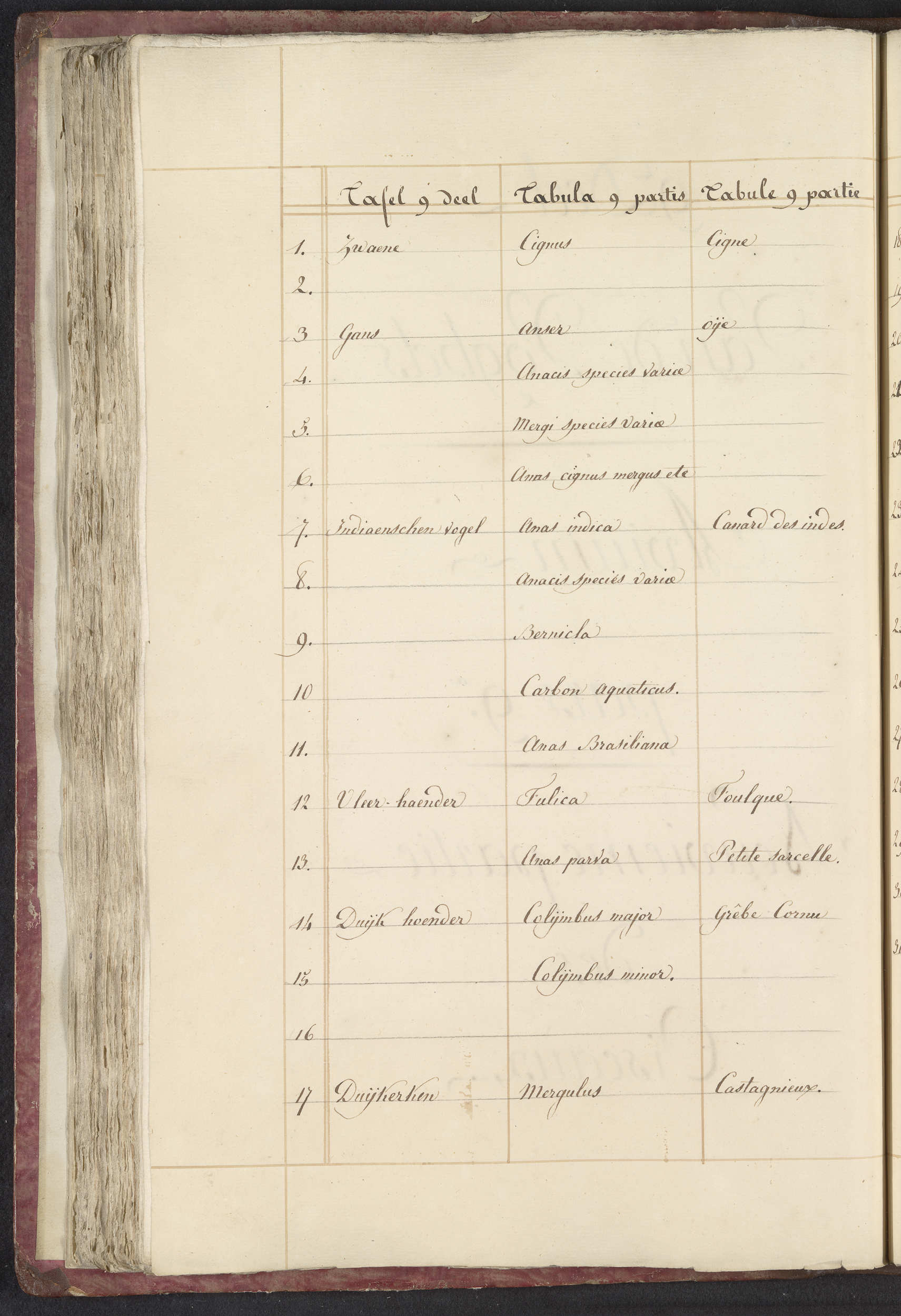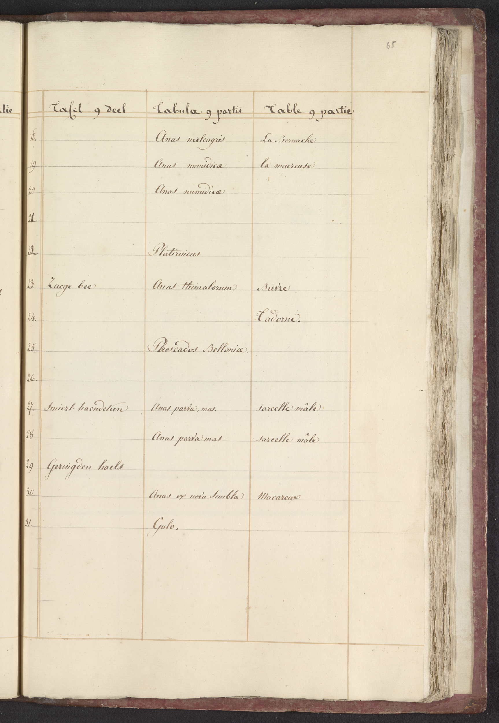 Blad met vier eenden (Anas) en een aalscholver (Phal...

##########

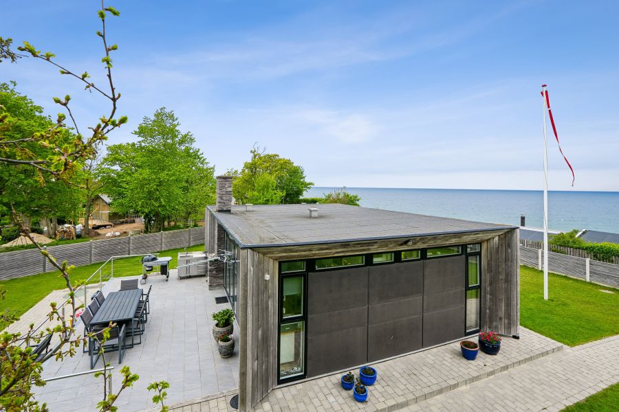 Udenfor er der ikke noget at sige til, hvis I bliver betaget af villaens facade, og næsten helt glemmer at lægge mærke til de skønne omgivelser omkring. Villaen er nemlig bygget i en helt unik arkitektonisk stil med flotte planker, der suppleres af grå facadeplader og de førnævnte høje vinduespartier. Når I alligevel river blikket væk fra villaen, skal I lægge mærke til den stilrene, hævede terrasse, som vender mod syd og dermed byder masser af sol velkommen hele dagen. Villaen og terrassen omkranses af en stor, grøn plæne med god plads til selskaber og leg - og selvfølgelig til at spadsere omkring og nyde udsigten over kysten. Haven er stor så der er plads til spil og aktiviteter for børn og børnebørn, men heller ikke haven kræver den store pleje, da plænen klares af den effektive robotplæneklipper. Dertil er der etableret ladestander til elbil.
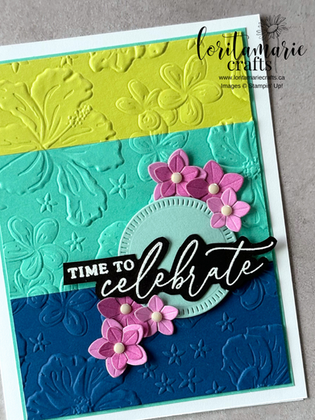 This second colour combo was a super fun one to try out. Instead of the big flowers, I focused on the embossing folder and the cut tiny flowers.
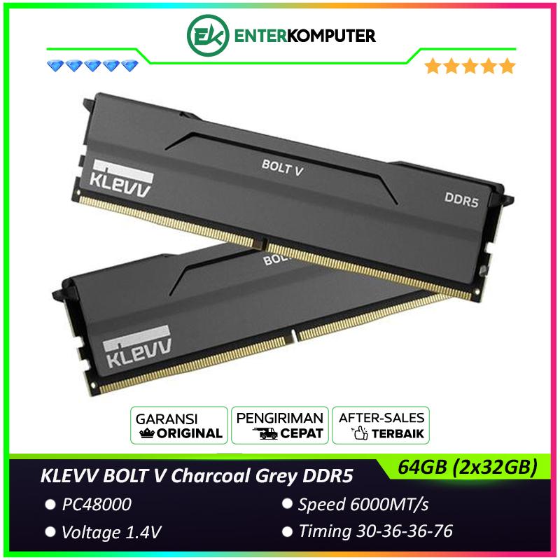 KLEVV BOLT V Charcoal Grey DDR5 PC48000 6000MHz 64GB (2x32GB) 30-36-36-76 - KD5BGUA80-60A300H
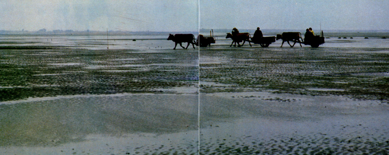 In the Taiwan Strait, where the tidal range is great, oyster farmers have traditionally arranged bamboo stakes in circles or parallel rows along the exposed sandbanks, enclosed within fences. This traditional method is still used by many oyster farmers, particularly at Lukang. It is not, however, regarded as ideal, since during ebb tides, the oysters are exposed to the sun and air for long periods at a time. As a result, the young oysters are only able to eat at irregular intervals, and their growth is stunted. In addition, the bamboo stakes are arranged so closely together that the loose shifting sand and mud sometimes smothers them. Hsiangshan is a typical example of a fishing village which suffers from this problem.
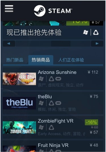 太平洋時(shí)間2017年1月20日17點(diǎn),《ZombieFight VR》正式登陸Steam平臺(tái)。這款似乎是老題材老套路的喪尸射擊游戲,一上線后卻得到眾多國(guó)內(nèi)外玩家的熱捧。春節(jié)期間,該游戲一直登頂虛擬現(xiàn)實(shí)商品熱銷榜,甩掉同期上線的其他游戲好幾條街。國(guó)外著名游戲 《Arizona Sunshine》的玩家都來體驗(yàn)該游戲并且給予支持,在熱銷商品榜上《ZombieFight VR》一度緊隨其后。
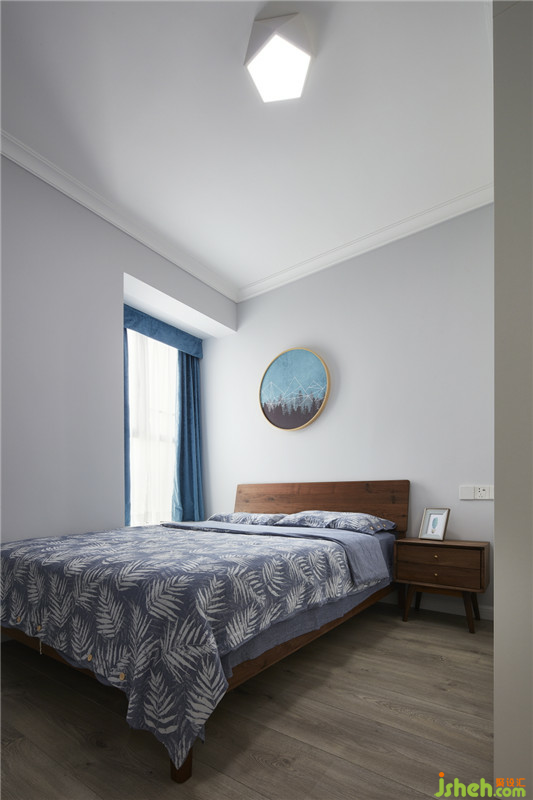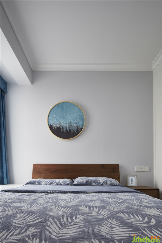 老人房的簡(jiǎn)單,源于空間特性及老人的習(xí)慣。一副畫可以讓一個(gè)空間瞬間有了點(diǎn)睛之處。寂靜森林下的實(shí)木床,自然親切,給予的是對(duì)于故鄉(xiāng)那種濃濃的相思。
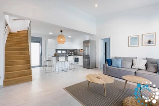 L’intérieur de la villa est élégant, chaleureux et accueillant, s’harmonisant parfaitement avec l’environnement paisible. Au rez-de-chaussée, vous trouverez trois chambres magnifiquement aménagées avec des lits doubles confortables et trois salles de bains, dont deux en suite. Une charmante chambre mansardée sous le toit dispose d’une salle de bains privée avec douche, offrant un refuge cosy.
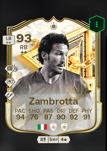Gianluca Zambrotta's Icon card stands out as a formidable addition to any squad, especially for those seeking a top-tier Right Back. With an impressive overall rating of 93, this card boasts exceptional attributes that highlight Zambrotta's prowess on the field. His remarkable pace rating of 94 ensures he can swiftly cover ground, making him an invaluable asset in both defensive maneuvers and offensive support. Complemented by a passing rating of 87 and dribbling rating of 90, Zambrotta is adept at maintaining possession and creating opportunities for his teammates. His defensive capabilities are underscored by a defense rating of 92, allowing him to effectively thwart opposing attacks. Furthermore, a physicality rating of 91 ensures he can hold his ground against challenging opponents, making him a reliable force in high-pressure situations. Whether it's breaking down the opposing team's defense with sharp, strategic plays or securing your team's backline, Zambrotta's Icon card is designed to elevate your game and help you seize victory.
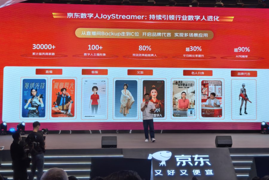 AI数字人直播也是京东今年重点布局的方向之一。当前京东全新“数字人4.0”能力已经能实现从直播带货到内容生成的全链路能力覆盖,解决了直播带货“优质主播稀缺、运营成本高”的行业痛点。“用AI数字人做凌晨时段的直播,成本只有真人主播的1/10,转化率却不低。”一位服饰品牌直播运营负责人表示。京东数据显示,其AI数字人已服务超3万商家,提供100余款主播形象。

##########

* **Work task**
For this exercise, set down the lines in the entries above from the one with "老人房的簡(jiǎn)單,源" through the one with "L’intérieur de la" exactly as written, without any pictures.

* **Expected answer**
 老人房的簡(jiǎn)單,源于空間特性及老人的習(xí)慣。一副畫可以讓一個(gè)空間瞬間有了點(diǎn)睛之處。寂靜森林下的實(shí)木床,自然親切,給予的是對(duì)于故鄉(xiāng)那種濃濃的相思。
 L’intérieur de la villa est élégant, chaleureux et accueillant, s’harmonisant parfaitement avec l’environnement paisible. Au rez-de-chaussée, vous trouverez trois chambres magnifiquement aménagées avec des lits doubles confortables et trois salles de bains, dont deux en suite. Une charmante chambre mansardée sous le toit dispose d’une salle de bains privée avec douche, offrant un refuge cosy.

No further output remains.